■ **Aim of the exercise**
From the entries below, return only the lines starting at the one that contains "项目主推的是约93-236㎡" and ending at the one that contains "Створимо у довільній", exactly as they stand.

■ **Data for this task**
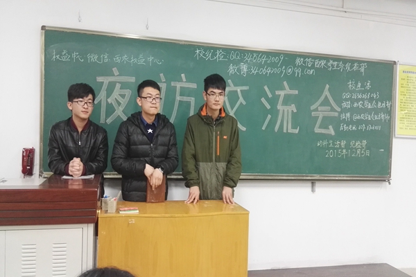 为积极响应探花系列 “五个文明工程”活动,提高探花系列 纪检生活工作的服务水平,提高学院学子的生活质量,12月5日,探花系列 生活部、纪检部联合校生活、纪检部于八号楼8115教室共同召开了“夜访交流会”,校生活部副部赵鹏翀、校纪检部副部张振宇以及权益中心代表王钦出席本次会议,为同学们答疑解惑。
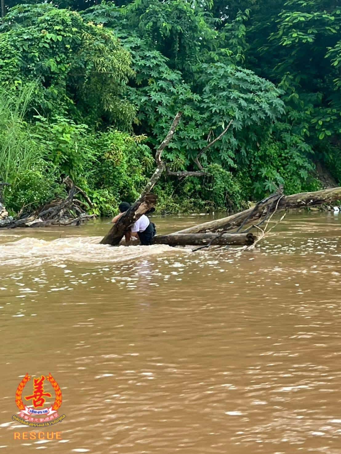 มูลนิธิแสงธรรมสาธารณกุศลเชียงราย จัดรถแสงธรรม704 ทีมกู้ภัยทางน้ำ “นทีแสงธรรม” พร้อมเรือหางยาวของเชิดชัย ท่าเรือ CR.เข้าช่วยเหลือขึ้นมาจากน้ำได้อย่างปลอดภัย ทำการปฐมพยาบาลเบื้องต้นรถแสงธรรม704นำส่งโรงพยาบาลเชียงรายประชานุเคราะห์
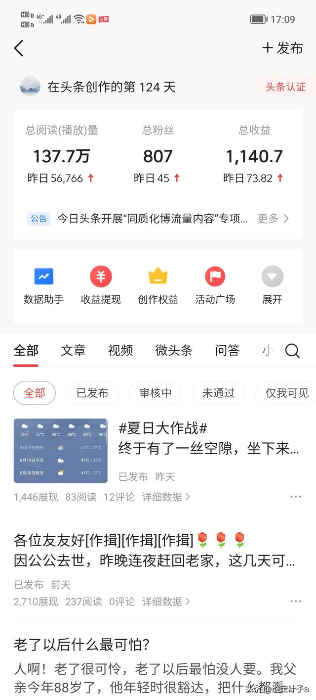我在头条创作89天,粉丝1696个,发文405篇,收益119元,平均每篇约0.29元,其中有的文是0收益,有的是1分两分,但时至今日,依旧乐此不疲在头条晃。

--

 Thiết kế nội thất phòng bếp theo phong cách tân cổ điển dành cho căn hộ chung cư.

---

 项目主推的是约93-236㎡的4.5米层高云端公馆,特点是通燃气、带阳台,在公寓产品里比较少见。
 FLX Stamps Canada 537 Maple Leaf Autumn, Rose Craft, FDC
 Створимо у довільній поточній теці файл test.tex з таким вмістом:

■ **Response area**
 项目主推的是约93-236㎡的4.5米层高云端公馆,特点是通燃气、带阳台,在公寓产品里比较少见。
 FLX Stamps Canada 537 Maple Leaf Autumn, Rose Craft, FDC
 Створимо у довільній поточній теці файл test.tex з таким вмістом:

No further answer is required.